- **Data segment**
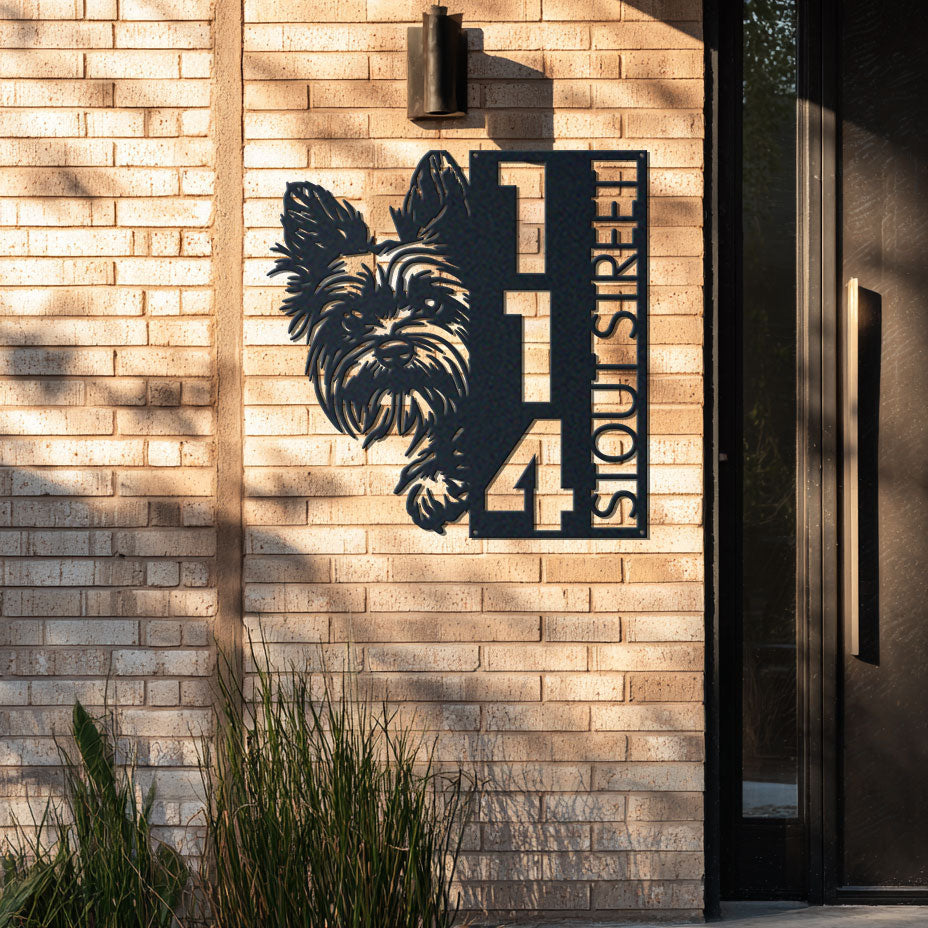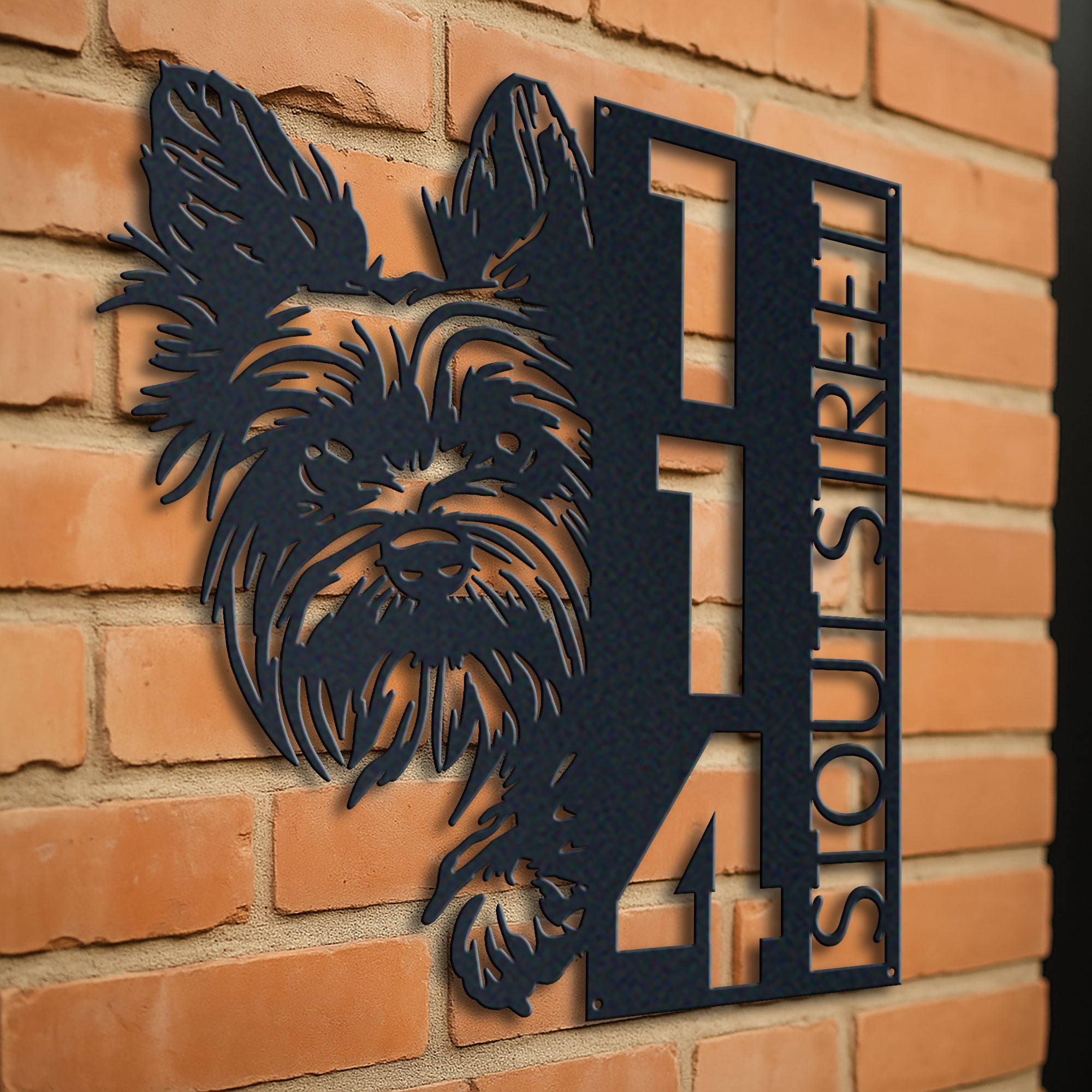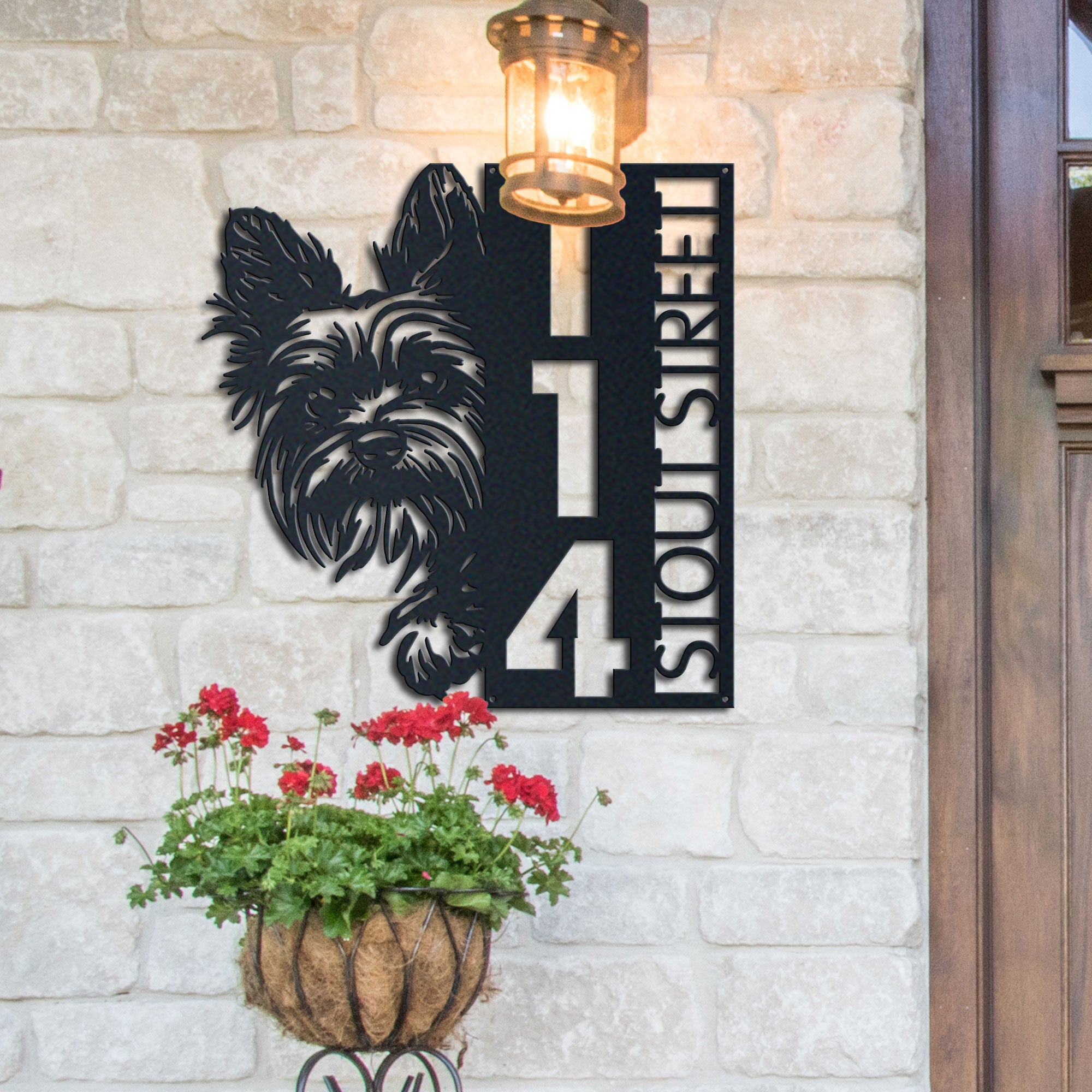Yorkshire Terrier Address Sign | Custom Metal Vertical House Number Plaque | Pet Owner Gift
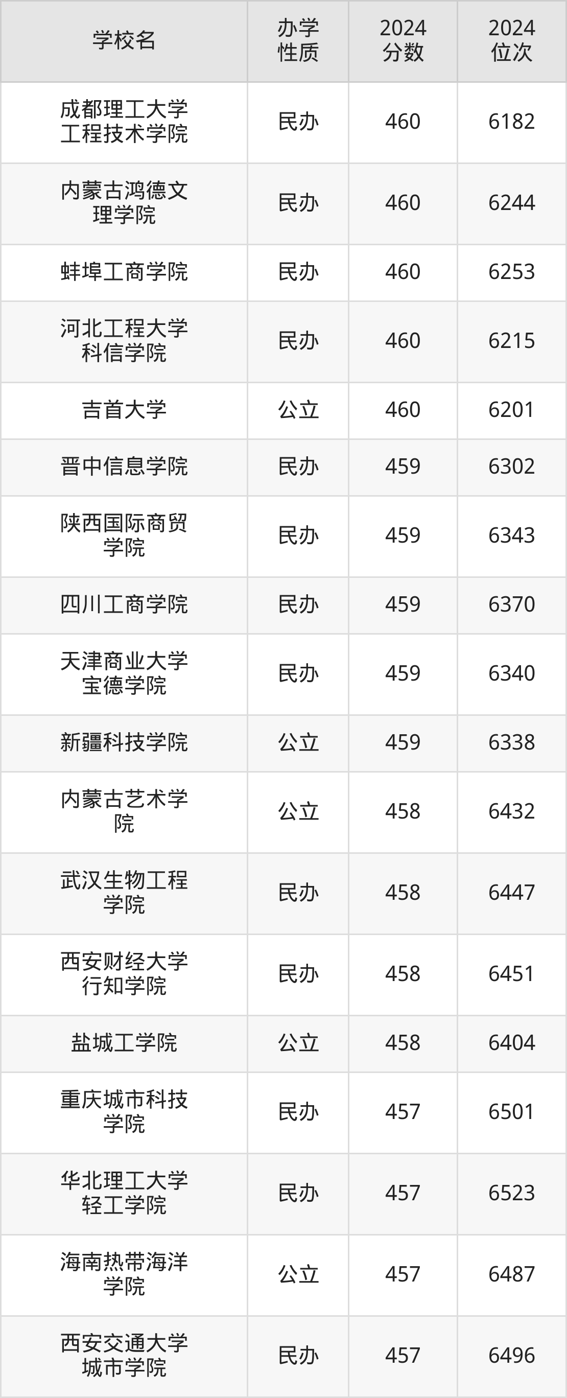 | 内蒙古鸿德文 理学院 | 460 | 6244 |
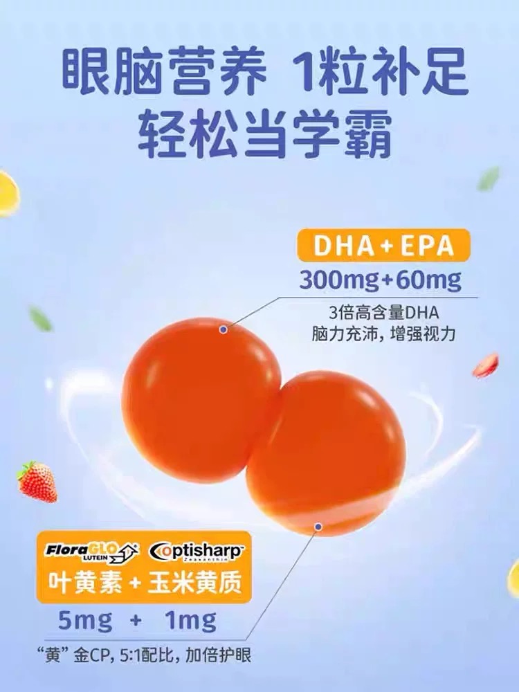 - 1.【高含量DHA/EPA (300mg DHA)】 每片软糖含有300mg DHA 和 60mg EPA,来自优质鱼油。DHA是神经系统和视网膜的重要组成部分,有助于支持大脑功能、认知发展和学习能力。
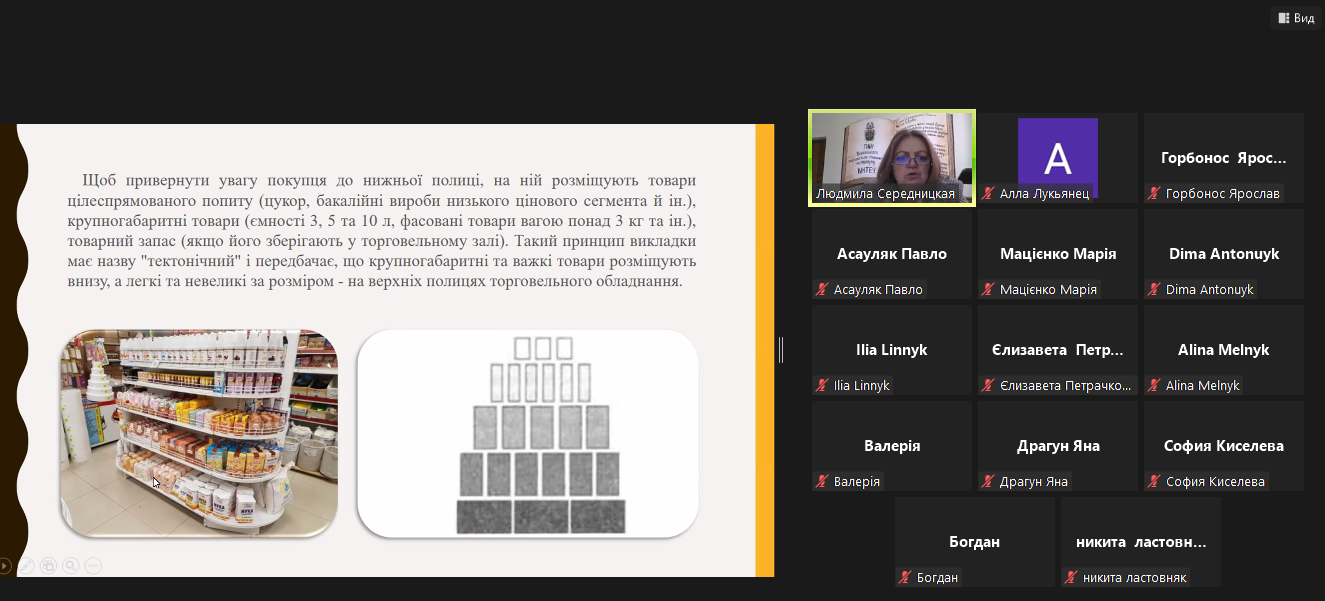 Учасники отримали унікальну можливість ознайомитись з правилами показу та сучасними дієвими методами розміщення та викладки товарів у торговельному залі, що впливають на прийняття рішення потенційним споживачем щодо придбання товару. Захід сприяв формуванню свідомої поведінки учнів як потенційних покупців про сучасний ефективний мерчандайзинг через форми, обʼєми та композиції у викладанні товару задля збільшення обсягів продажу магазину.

- **Task description**
Output everything in the material exactly. Pictures stay out of it.

- **Exercise result**
Yorkshire Terrier Address Sign | Custom Metal Vertical House Number Plaque | Pet Owner Gift
 | 内蒙古鸿德文 理学院 | 460 | 6244 |
 - 1.【高含量DHA/EPA (300mg DHA)】 每片软糖含有300mg DHA 和 60mg EPA,来自优质鱼油。DHA是神经系统和视网膜的重要组成部分,有助于支持大脑功能、认知发展和学习能力。
 Учасники отримали унікальну можливість ознайомитись з правилами показу та сучасними дієвими методами розміщення та викладки товарів у торговельному залі, що впливають на прийняття рішення потенційним споживачем щодо придбання товару. Захід сприяв формуванню свідомої поведінки учнів як потенційних покупців про сучасний ефективний мерчандайзинг через форми, обʼєми та композиції у викладанні товару задля збільшення обсягів продажу магазину.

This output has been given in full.